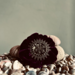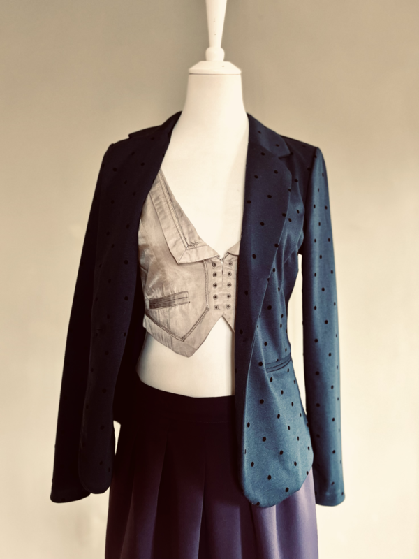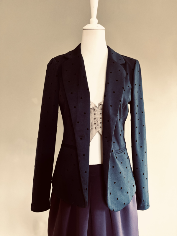 Das tief dunkelblaue Grunddesign wird durch schwarze Samtpunkte elegant aufgelockert und verleiht dem Blazer eine besondere Struktur und Tiefe. Zwei seitliche Taschen vorn und ein einzelner Knopfverschluss runden das Design funktional und modisch ab.
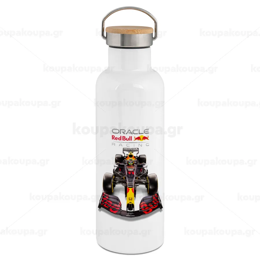 Redbull Racing Team F1, Stainless steel White with wooden lid (bamboo), double wall, 750ml
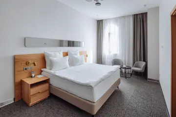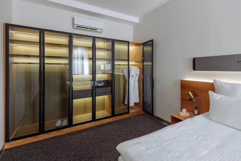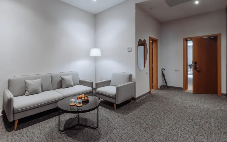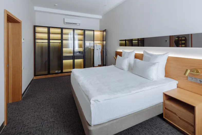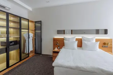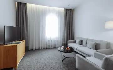This spacious Deluxe room includes a living room, a separate bedroom, and a bathroom with a shower. The room is equipped with air conditioning, soundproofing, a minibar, and a flat-screen TV with cable channels. Guests can enjoy a double bed and a sofa bed, as well as relax on their private balcony. The price is indicated for accommodation of one guests. The cost for a different number of guests is available upon request.
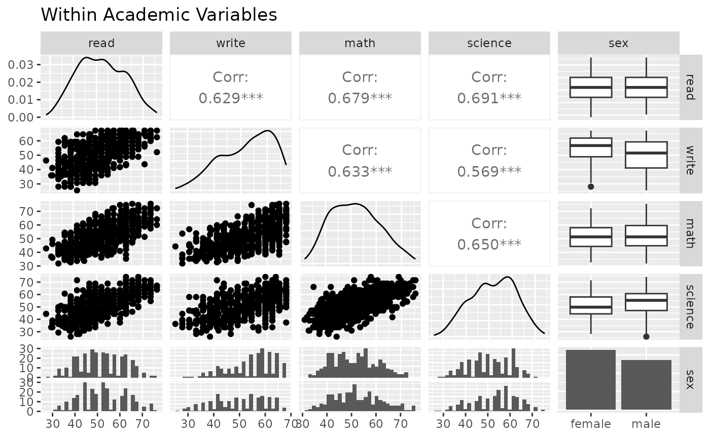 #> [1] "read" "write" "math" "science" "sex"First, look at the within correlation using ggpairs().
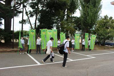 グッドマナー・キャンペーンを9月19日(木)朝、松任駅改札口前にて行いました。白山市、防犯協会、翠星高校と合同で行いました。本校は生徒会役員とPTA生活指導委員会の委員が参加し、あいさつの声かけやチラシを配りました。
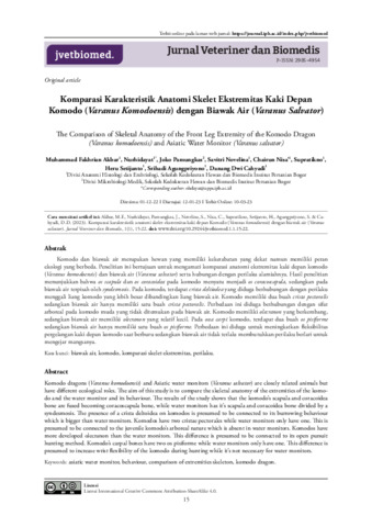 Komodo dan biawak air merupakan hewan yang memiliki kekerabatan yang dekat namun memiliki peran ekologi yang berbeda. Penelitian ini bertujuan untuk mengamati komparasi anatomi ekstremitas kaki depan komodo (Varanus komodoensis) dan biawak air (Varanus salvator) serta hubungan dengan perilaku alamiahnya. Hasil penelitian menunjukkan bahwa os scapula dan os coracoidea pada komodo menyatu menjadi os coracoscapula, sedangkan pada biawak air terpisah oleh syndesmosis. Pada komodo, terdapat crista deltiodea yang diduga berhubungan dengan perilaku menggali liang komodo yang lebih besar dibandingkan liang biawak air. Komodo memiliki dua buah crista pectoralis sedangkan biawak air hanya memiliki satu buah crista pectoralis. Perbedaan ini diduga berhubungan dengan sifat arboreal pada komodo muda yang tidak ditemukan pada biawak air. Komodo memiliki olecranon yang berkembang, sedangkan biawak air memiliki olecranon yang relatif kecil. Pada ossa carpi komodo, terdapat dua buah os pisiforme sedangkan biawak air hanya memiliki satu buah os pisiforme. Perbedaan ini diduga untuk meningkatkan fleksibilitas pergelangan kaki depan komodo saat berburu sedangkan biawak air tidak terlalu membutuhkan perilaku berlari untuk mengejar mangsanya.
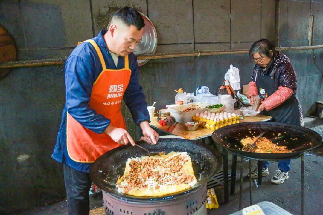 生意渐渐红火起来,刘师傅也没想着换个光鲜的门面,反倒琢磨起了手艺的传承。他把弟弟带在身边,手把手教他调米浆、摊蛋皮、炒臊子,从火候的拿捏到蚌壳的用法,每一个细节都倾囊相授。每天清晨的忙碌时分,兄弟俩一个掌勺,一个打下手,默契十足,灶台前的烟火气也更盛了几分。
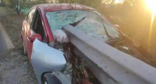 Este hecho ocurrió en la Autopista al Aeropuerto alrededor de las 6:00 de la mañana de este domingo, cuando el conductor del auto March rojo perdió el control del coche y terminó impactándose contra el metal que se incrustó en el cristal.
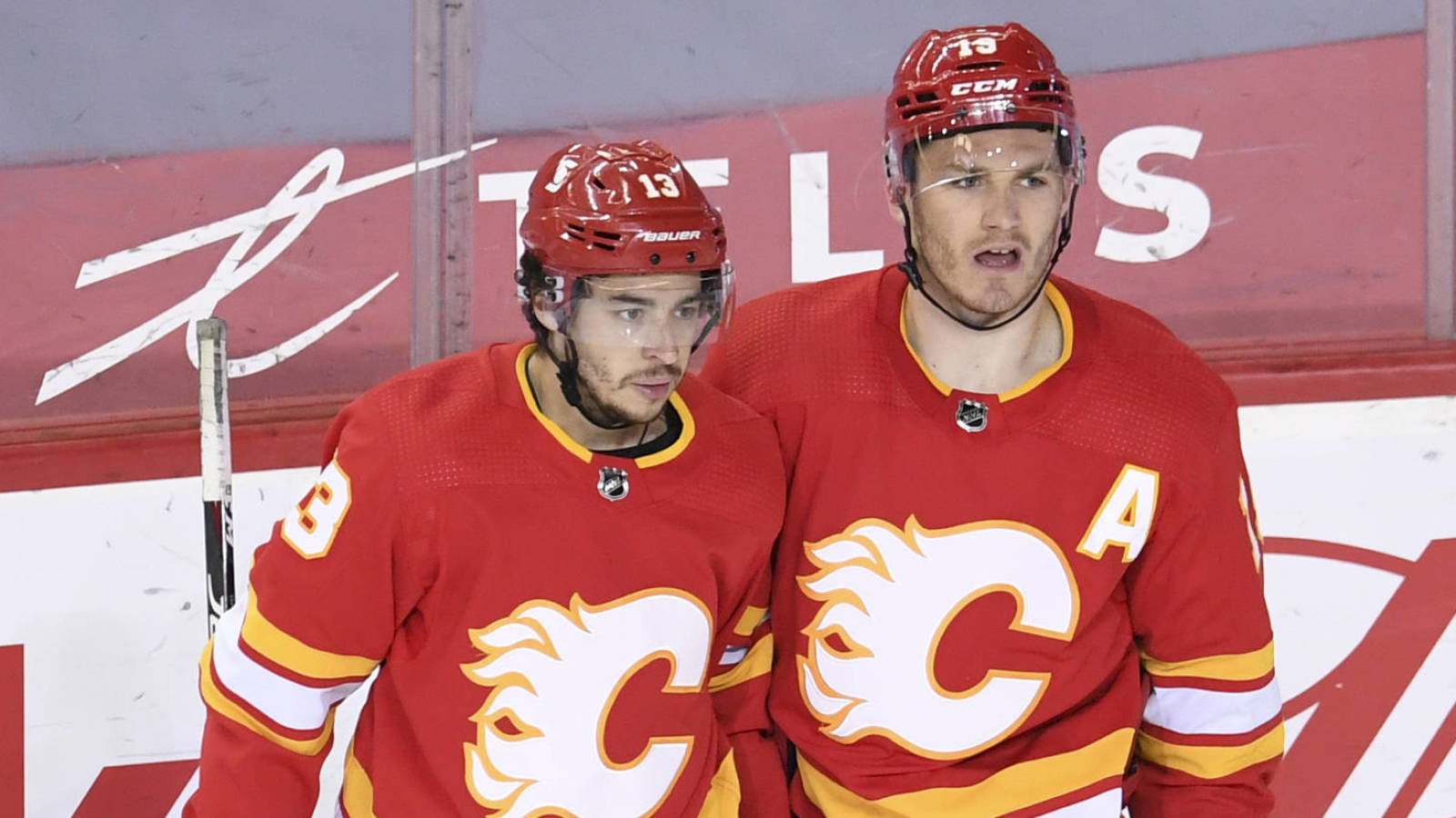 Calgary Flames forward Matthew Tkachuk (19) with forward Johnny Gaudreau (13)
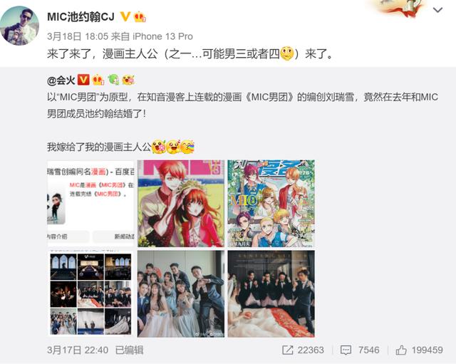 他跟《知音漫客》杂志合作,推出了以MIC男团成员为原型的漫画连载。
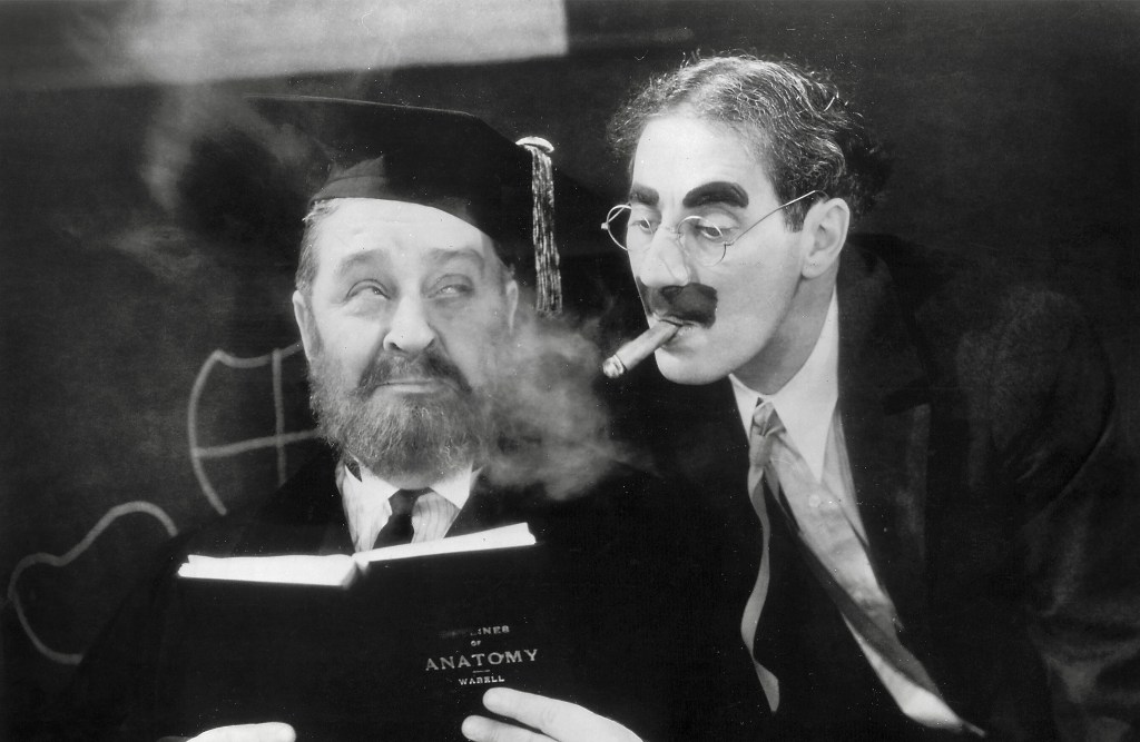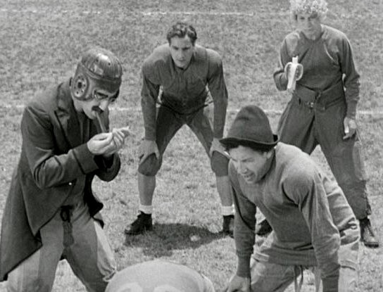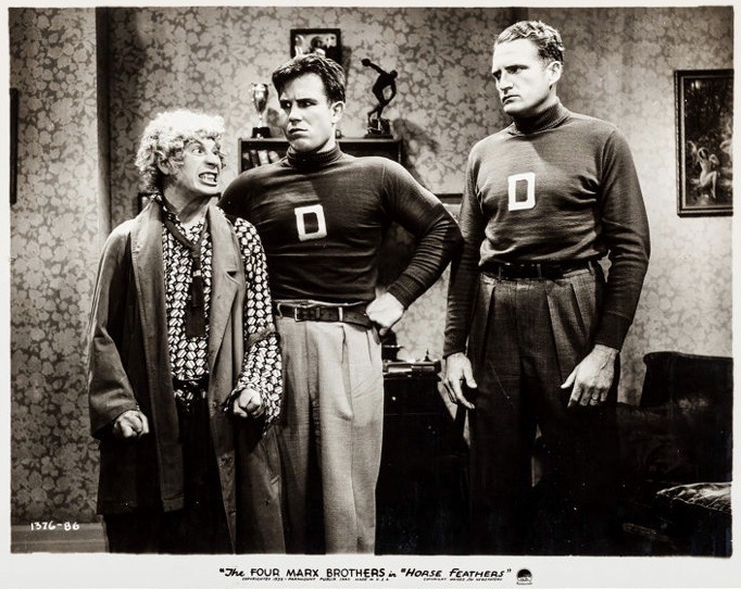 Among the three, only Perelman had attended college and it is his absurdist view of academia that gives Horse Feathers its sharp, satiric edge. After all, he had suffered through four undergraduate years at Brown University where he spent most of his time attacking the university’s policies in scathing editorials for the Brown Jug. In one of his attacks, he wrote “Millions for athletics, and not a cent for aesthetics” which turns out to be one of the major themes running throughout Horse Feathers.

++++++

Return every line of the records exactly as given, pictures excluded.

 Das tief dunkelblaue Grunddesign wird durch schwarze Samtpunkte elegant aufgelockert und verleiht dem Blazer eine besondere Struktur und Tiefe. Zwei seitliche Taschen vorn und ein einzelner Knopfverschluss runden das Design funktional und modisch ab.
 Redbull Racing Team F1, Stainless steel White with wooden lid (bamboo), double wall, 750ml
This spacious Deluxe room includes a living room, a separate bedroom, and a bathroom with a shower. The room is equipped with air conditioning, soundproofing, a minibar, and a flat-screen TV with cable channels. Guests can enjoy a double bed and a sofa bed, as well as relax on their private balcony. The price is indicated for accommodation of one guests. The cost for a different number of guests is available upon request.
 #> [1] "read" "write" "math" "science" "sex"First, look at the within correlation using ggpairs().
 グッドマナー・キャンペーンを9月19日(木)朝、松任駅改札口前にて行いました。白山市、防犯協会、翠星高校と合同で行いました。本校は生徒会役員とPTA生活指導委員会の委員が参加し、あいさつの声かけやチラシを配りました。
 Komodo dan biawak air merupakan hewan yang memiliki kekerabatan yang dekat namun memiliki peran ekologi yang berbeda. Penelitian ini bertujuan untuk mengamati komparasi anatomi ekstremitas kaki depan komodo (Varanus komodoensis) dan biawak air (Varanus salvator) serta hubungan dengan perilaku alamiahnya. Hasil penelitian menunjukkan bahwa os scapula dan os coracoidea pada komodo menyatu menjadi os coracoscapula, sedangkan pada biawak air terpisah oleh syndesmosis. Pada komodo, terdapat crista deltiodea yang diduga berhubungan dengan perilaku menggali liang komodo yang lebih besar dibandingkan liang biawak air. Komodo memiliki dua buah crista pectoralis sedangkan biawak air hanya memiliki satu buah crista pectoralis. Perbedaan ini diduga berhubungan dengan sifat arboreal pada komodo muda yang tidak ditemukan pada biawak air. Komodo memiliki olecranon yang berkembang, sedangkan biawak air memiliki olecranon yang relatif kecil. Pada ossa carpi komodo, terdapat dua buah os pisiforme sedangkan biawak air hanya memiliki satu buah os pisiforme. Perbedaan ini diduga untuk meningkatkan fleksibilitas pergelangan kaki depan komodo saat berburu sedangkan biawak air tidak terlalu membutuhkan perilaku berlari untuk mengejar mangsanya.
 生意渐渐红火起来,刘师傅也没想着换个光鲜的门面,反倒琢磨起了手艺的传承。他把弟弟带在身边,手把手教他调米浆、摊蛋皮、炒臊子,从火候的拿捏到蚌壳的用法,每一个细节都倾囊相授。每天清晨的忙碌时分,兄弟俩一个掌勺,一个打下手,默契十足,灶台前的烟火气也更盛了几分。
 Este hecho ocurrió en la Autopista al Aeropuerto alrededor de las 6:00 de la mañana de este domingo, cuando el conductor del auto March rojo perdió el control del coche y terminó impactándose contra el metal que se incrustó en el cristal.
 Calgary Flames forward Matthew Tkachuk (19) with forward Johnny Gaudreau (13)
 他跟《知音漫客》杂志合作,推出了以MIC男团成员为原型的漫画连载。
 Among the three, only Perelman had attended college and it is his absurdist view of academia that gives Horse Feathers its sharp, satiric edge. After all, he had suffered through four undergraduate years at Brown University where he spent most of his time attacking the university’s policies in scathing editorials for the Brown Jug. In one of his attacks, he wrote “Millions for athletics, and not a cent for aesthetics” which turns out to be one of the major themes running throughout Horse Feathers.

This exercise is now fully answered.